■ **DATA SEGMENT**:
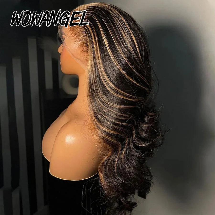 34-Inch 1B27 Highlight Human Hair Wig 13x6 HD Lace Frontal
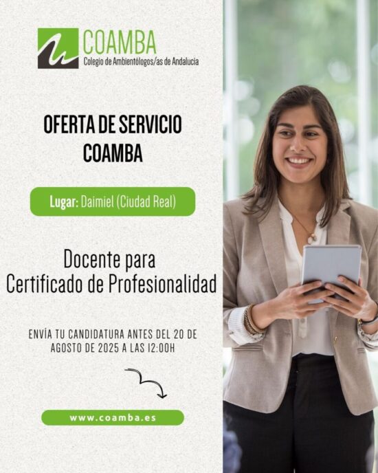 Oferta de servicio para colegiados/as 2025_13: Docente para Certificado de Profesionalidad 4 septiembre 202525 julio 2025 Contenido solo para Colegiados/asInicia Sesión para verlo o Colégiate.
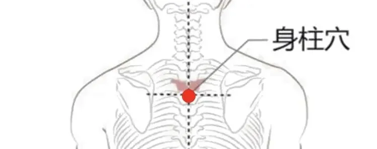 颈部最大突起(第7颈椎棘突)下方第三个突起(第3胸椎棘突)下。

■ **TASK TO CARRY OUT**:
Dropping every picture, restate the material word for word.

■ **SOLUTION FOR THIS TASK**:
 34-Inch 1B27 Highlight Human Hair Wig 13x6 HD Lace Frontal
 Oferta de servicio para colegiados/as 2025_13: Docente para Certificado de Profesionalidad 4 septiembre 202525 julio 2025 Contenido solo para Colegiados/asInicia Sesión para verlo o Colégiate.
 颈部最大突起(第7颈椎棘突)下方第三个突起(第3胸椎棘突)下。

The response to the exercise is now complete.